I will update on twitter whenever I publish new photos, so if you want to see more in the future, follow me here:

https://twitter.com/#!/audun0905

edit: I get an error when pressing the website link, so you might want to just type audunkrogstad.com in the browser.


----------



## AceCo55 (Jan 23, 2012)

Once I dropped the "s" in https, the link worked OK
My initial impressions (and I am a silly old man so feel free to discount them completely):
I found the overall look quite dark - but that could be your photographic style.
Each photo took a while to load - if I was a casual visitor to your site, I would probably leave after a short while.
Your nav bar on the left works fine. I found your categories interesting (Nature / Wildlife / Misc) The "nature" seemed to be "Landscapes"?
Misc - this may be limiting as you add more images. I think I would be a bit more specific.
You only have three gallery categories - does this structure allow your website to expand?
For me, I would rather have seen larger images than have the "wasted" background surrounding the active part of the screen.
Again - these are the ramblings of an old man so do with them what you want.


----------



## audun0905 (Jan 23, 2012)

I agree that the categories is very limited and some might not suit the photos, but I pretty much photograph everything I come across, so it's hard to not limit the photos to certain categories. I'm not sure how to view the photos in full sdize, or blur out the background when you view them yet. I'll look into it.
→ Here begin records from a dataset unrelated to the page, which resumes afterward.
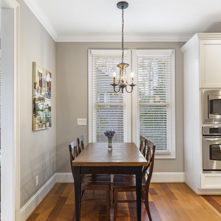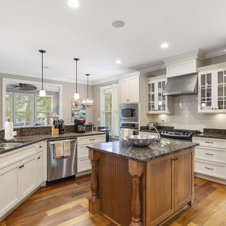 The spacious and open gourmet kitchen with large center island features a prep sink, breakfast area with seating for four, and a kitchen bar area with seating for four. There is also a large separate dining room with seating for eight so family meals can be enjoyed together.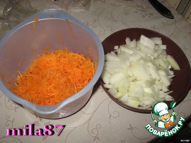 Чистим, моем и режем лук и морковь.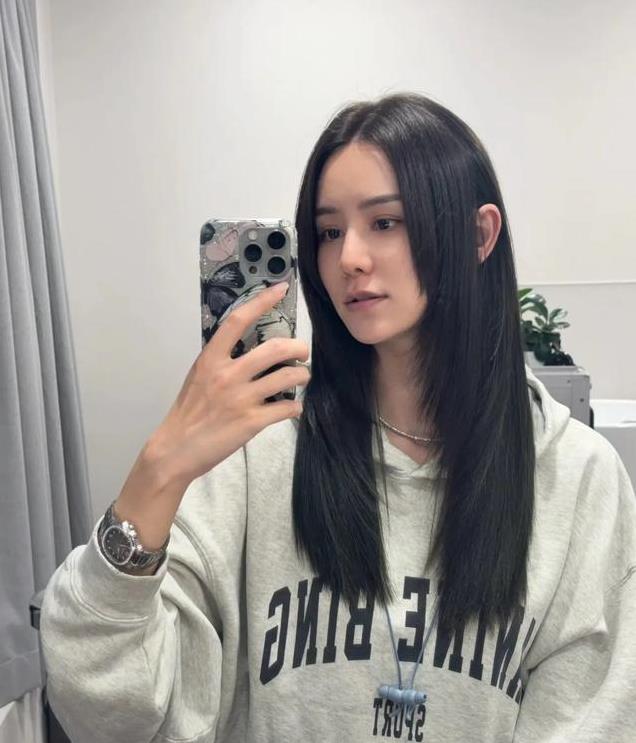 张馨月自己对这次的新发型应该也是满意的,不然不会直接晒出四张自拍照了。

The website is animated, so for some it might be slow. For me, my friends and our schools computers it uses about half a second to load each picture. I'm not sure how slow they load if you have an older computer or below-average internet. Do you? So far i've only showed it to people with good computers and internet so it might have something to do with that.


----------



## JReichert (Mar 17, 2012)

Yup, it's the "s" - that's usually for an internal site (think email) for companies and whatnot.
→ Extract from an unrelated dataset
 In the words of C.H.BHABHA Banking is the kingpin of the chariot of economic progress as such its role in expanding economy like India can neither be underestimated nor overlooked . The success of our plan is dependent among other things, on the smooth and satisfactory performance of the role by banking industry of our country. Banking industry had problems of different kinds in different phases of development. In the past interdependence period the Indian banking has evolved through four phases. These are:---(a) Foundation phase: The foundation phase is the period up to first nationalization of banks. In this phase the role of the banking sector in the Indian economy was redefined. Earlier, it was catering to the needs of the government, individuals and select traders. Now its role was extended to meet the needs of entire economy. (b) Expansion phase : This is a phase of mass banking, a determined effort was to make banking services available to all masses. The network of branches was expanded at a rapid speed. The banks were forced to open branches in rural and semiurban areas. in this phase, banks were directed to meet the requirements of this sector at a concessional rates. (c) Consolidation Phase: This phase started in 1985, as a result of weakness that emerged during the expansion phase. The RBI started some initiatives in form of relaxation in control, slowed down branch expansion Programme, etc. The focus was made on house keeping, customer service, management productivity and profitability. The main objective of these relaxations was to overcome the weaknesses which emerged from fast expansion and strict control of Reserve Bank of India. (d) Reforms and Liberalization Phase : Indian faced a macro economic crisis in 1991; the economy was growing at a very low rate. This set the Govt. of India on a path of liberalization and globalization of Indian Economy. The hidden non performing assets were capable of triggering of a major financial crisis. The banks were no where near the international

There seems to be a real mishmash of styles.  The moody photo of the mountains with the 2 birds flying is nice to contemplate with just a bit of tweaking in the composition could be a great photo.  In contrast, the "Environment" photo that is orange and fuzzy and looks like it was taken with a camera phone and unsteady hand?  I don't get it.  The bald eagle that is viewed from the side needs much more post-processing, IMO.  Some photos have a ton of post and some are greatly in need of it - hence I can't get an idea of what your vision is.


----------



## cgipson1 (Mar 17, 2012)

I am on a really fast system, with really fast internet access... and your site is slower than it should be.  Slow enough that I left without looking at everything. I suspect you might need to calibrate you monitor.. and correct exposures on some of your shots. There are also several shots that could benefit from some contrast... unless you like the washed out look!  :0


----------